赵政颇为不适应这个场合,练漪昕看出来了,吩咐侍女为赵政斟茶。“赵将军,在下练漪昕,是这间酒楼的老板。”
“我知道,我听凌庸”赵政顿觉语失。
陈平微微一笑:“想不到凌庸也是个大嘴巴。”
练漪昕笑道:“我看那位小弟倒是满机灵的,若有明白人指点一番,他日说不定能有所作为。”
气氛因为凌庸的话题而缓和,念则安适时说道:“此次我们召集两位,有要事相商。”
赵政急不可待:“我听素儿姑娘说,此事关系郡主安危。”
念则安点头:“此事与郡主息息相关。”
“究竟何事?”
念则安说:“赵将军,我先问你,你是代将还是楚将?”
赵政内心备受煎熬,他自认为仍是代国将军,可世人只怕早已当他是叛徒。他颤抖着声音说:“在下此刻,与郡主同在。”
“看来普天之下,痴情之人不止陈平一人呐!”念则安眯着眼睛,微笑着摇了摇头。陈平与练漪昕对望,练老板羞涩地低下了头。
“念门主,休要再取笑我们了。”练漪昕故作生气道。
念则安不再卖关子:“今早我收到了水门弟子的密信,楚国最近几日恐生变动。”
赵政立刻紧张起来:“是不是郡主的生命有危险?”
念则安问:“我先问你,郡主的婚事是否有变?”
赵政耷拉脑袋说:“和亲之事怕是不可能有变化了,只是人选由凤阳侯林渊,改成了太子。”

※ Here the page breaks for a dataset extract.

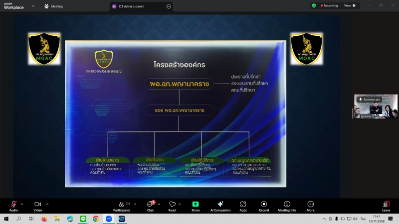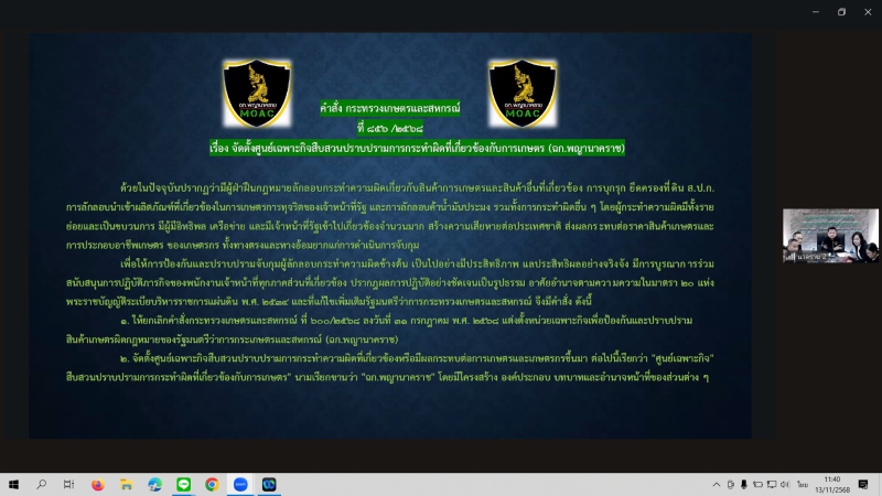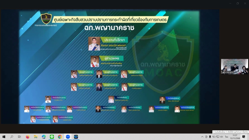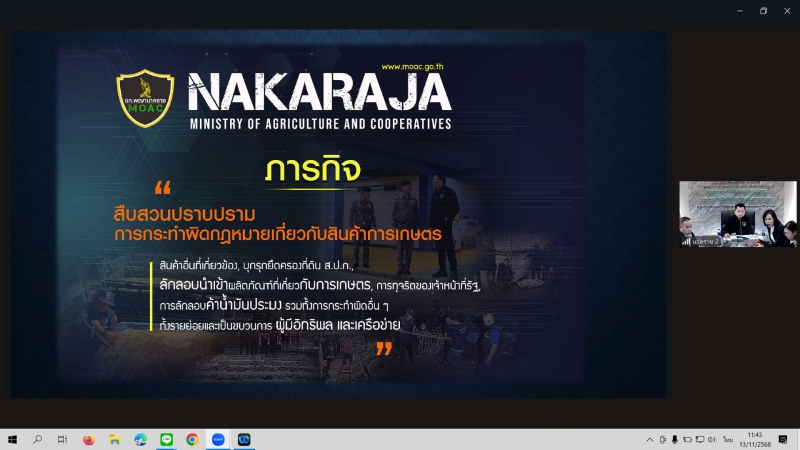 วันศุกร์ที่ 14 พฤศจิกายน 2568 เวลา 13.00 น. ที่ห้องประชุมสำนักงานเกษตรและสหกรณ์จังหวัดอำนาจเจริญ นางปารีณา สอนอาจ เกษตรและสหกรณ์จังหวัดอำนาจเจริญ พร้อมด้วยข้าราชการและเจ้าหน้าที่สำนักงาน เข้าร่วมประชุมชี้แจงแนวทางการปฏิบัติของศูนย์เฉพาะกิจสืบสวนปราบปรามการกระทำผิดที่เกี่ยวข้องกับการเกษตร (ฉก.พญานาคราช) ผ่านระบบประชุมทางไกล Zoom Meeting โดยมีนายนายศรัญญู พูลลาภ ผู้ตรวจราชการกระทรวงเกษตรและสหกรณ์ เป็นประธานในการประชุม
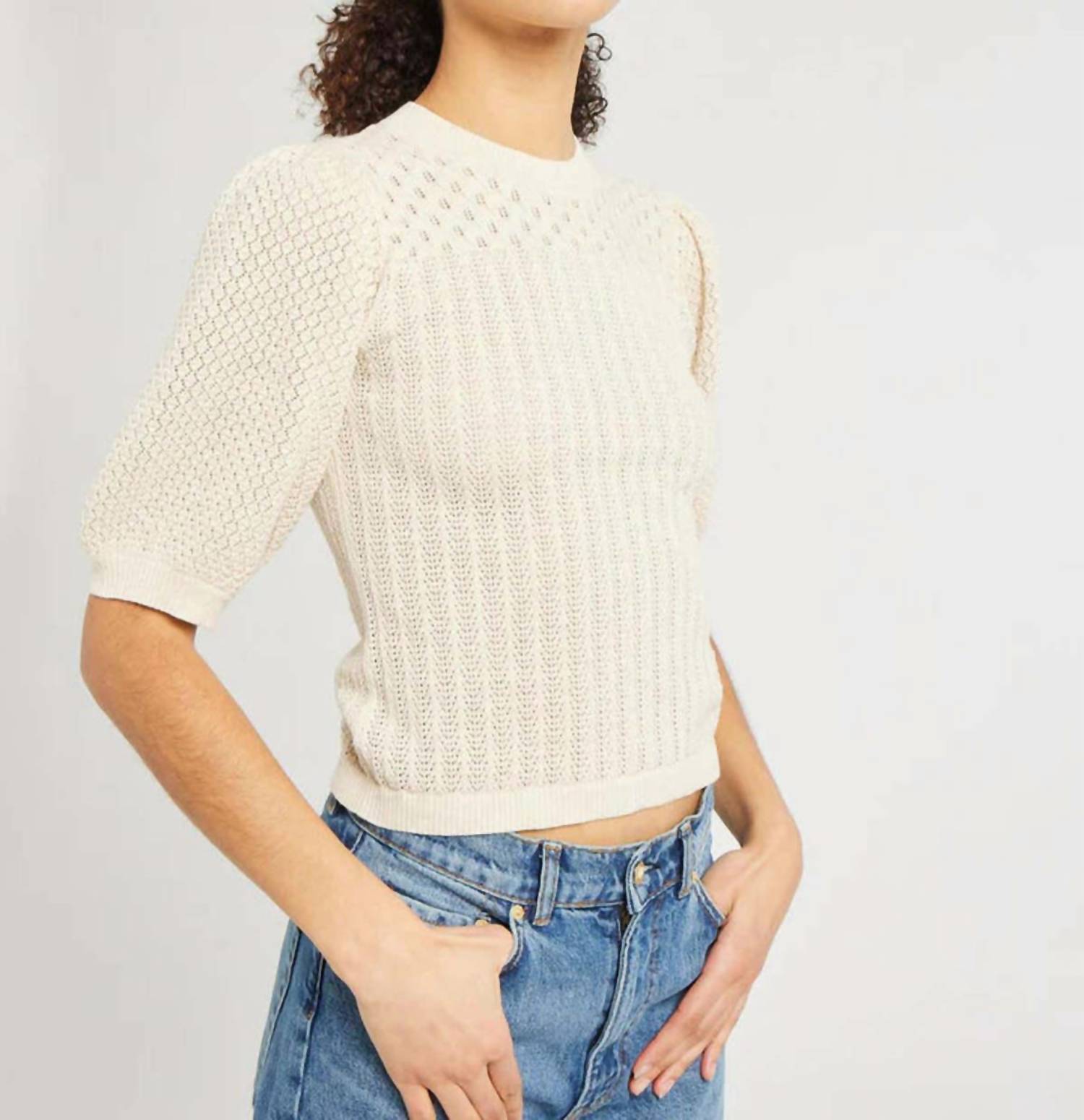 Um tricô queridinho para adicionar à sua coleção de outono. Esta blusa de meia manga tem decote redondo, detalhes em crochê à mão e manga bufante com volume na medida certa.

念则安点头说:“这就对了。水门弟子来信说,楚王为儿子选亲,谁娶了代国郡主,谁就无法继承王位。”
“笑话,郡主就要与太子成亲,他日楚王一命归西,太子自然”赵政这才琢磨出味儿来,“莫非楚王要另立储君?”
半天没说话的陈平终于开口:“我推测是凤阳侯。”
“可是,为何要以郡主的婚事来推断?”赵政仍是不解。
念则安向陈平点了点头,后者侃侃而谈:“赵将军莫要忘了,楚王曾是代侯的老相识,自然对田湉郡主的聪明才智有所了解。再加上这次,邵霆将军肯定在楚王面前夸奖了田湉郡主,更让楚王下定决心,绝不能让郡主称为未来楚国的王后。”
“为什么?就因为郡主太聪明了?”
“与其说聪明,不如说是计算。你可知道,林渊再得知无法娶郡主后,竟然绝食以示抗议,直到楚王许给他三个县城才肯罢休。至于太子,早年丧偶,性格孤僻,听闻田湉郡主入楚州城,尚在外巡防的太子竟提前回城,更不用说赵将军早已是郡主的裙下之臣”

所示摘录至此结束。